P/1 – Falando do bar, do espaço, qual é o lugar ou o cantinho que você gosta mais de lá e por quê? Como ele é?
R – O bar tem duas áreas bastante distintas. Uma é aquela que é mais antiga, que é aquele imóvel lá de cima; e a parte de baixo que a gente chama de choperia que foi construída, ou que foi inaugurada em 1995. Na parte de cima quando a gente entra no bar, logo a direita tem três mesinhas, um balcão e tal. Aquelas três mesinhas são o cerne do bar. A santíssima trindade, digamos assim, do FrangÓ são aquelas três mesas ali. Muitas das pessoas, tem muito cliente que só gosta de sentar lá inclusive. Tem sujeito que fica esperando até aparecer uma mesinha ali. E daquelas três mesas ainda tem uma para mim que é a minha predileta.
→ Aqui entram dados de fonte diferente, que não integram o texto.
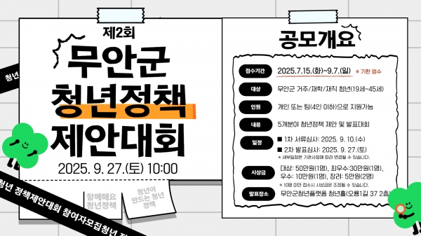 아울러 청중 참여 이벤트도 함께 열린다. 8월 18일(월)부터 9월 19일(금)까지 무안군청년플랫폼 홈페이지에서 신청할 수 있으며, 참여자는 이벤트 URL에 접속해‘대회 청중 신청 인증샷’과 함께‘내가 바라는 청년정책’을 작성하면 된다. 이벤트 참가자에게는 무안군청년플랫폼 굿즈 세트가 제공된다.김상준 센터장은 “정책제안대회는 청년이 직접 목소리를 내고, 그 제안이 지역사회 안에서 논의되는 소중한 기회”라며, “청년들의 다양한 아이디어가 서로에게 영감을 주고 지역 변화를 만들어내는 밑거름이 되길 바란다”고 전했다.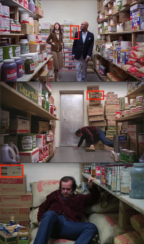 There’s a box that appears three times in the film, and it’s the only box with a date stamped on it, which happens to be Dec. 13/77. Film Jack might die on the evening of Dec. 13th, 1979, two years to the day, following (if not the evening of the 13th then definitely the morning of the 14th). This has caused me to wonder if the box is simply a reference to when Kubrick imagined Jack in the books to die, since the novel came out in 1977, and context clues would lead one to suspect the events were taking place in October-December of 1977 (Danny’s born in ’72, and he’s supposed to be 5 years old).

Mas qualquer uma delas, tem uma delas entrando vem uma, duas a terceira que a gente chama de mesa um que está do lado do balcão onde tem o chopp. A mesa número um ali pra mim é... Não é porque é a número um, isso é só coincidência porque a gente foi mapeando de lá. Essas três mesas, hoje elas não são mais, mas elas são uma daquelas três mesas de lata que eu me referi a alguns momentos atrás, as três mesas bordô, as três primeiras mesas que nós compramos. E ali foi o começo do bar. Aquela parte do bar sempre existiu desde o início. Tinha uma configuração um pouco diferente, porque tinha um quartinho que era fechado, esse quartinho não existe mais, a gente abriu. Mas ali sempre foi do jeito que é. Ali é o coração do bar, a pulsação do bar, a alma do bar, o espírito, tudo é ali, está ali. Se tiver uma entidade que cuida daquele bar, essa entidade mora ali. E às vezes é meio apertado tudo, é mais quente ali, não tem ar condicionado, a churrasqueira não está muito longe, mas é ali. Sem dúvida nenhuma.
P/1 – Tem algum dos pratos ou pedidos, cervejas que você gosta mais, que o bar oferece?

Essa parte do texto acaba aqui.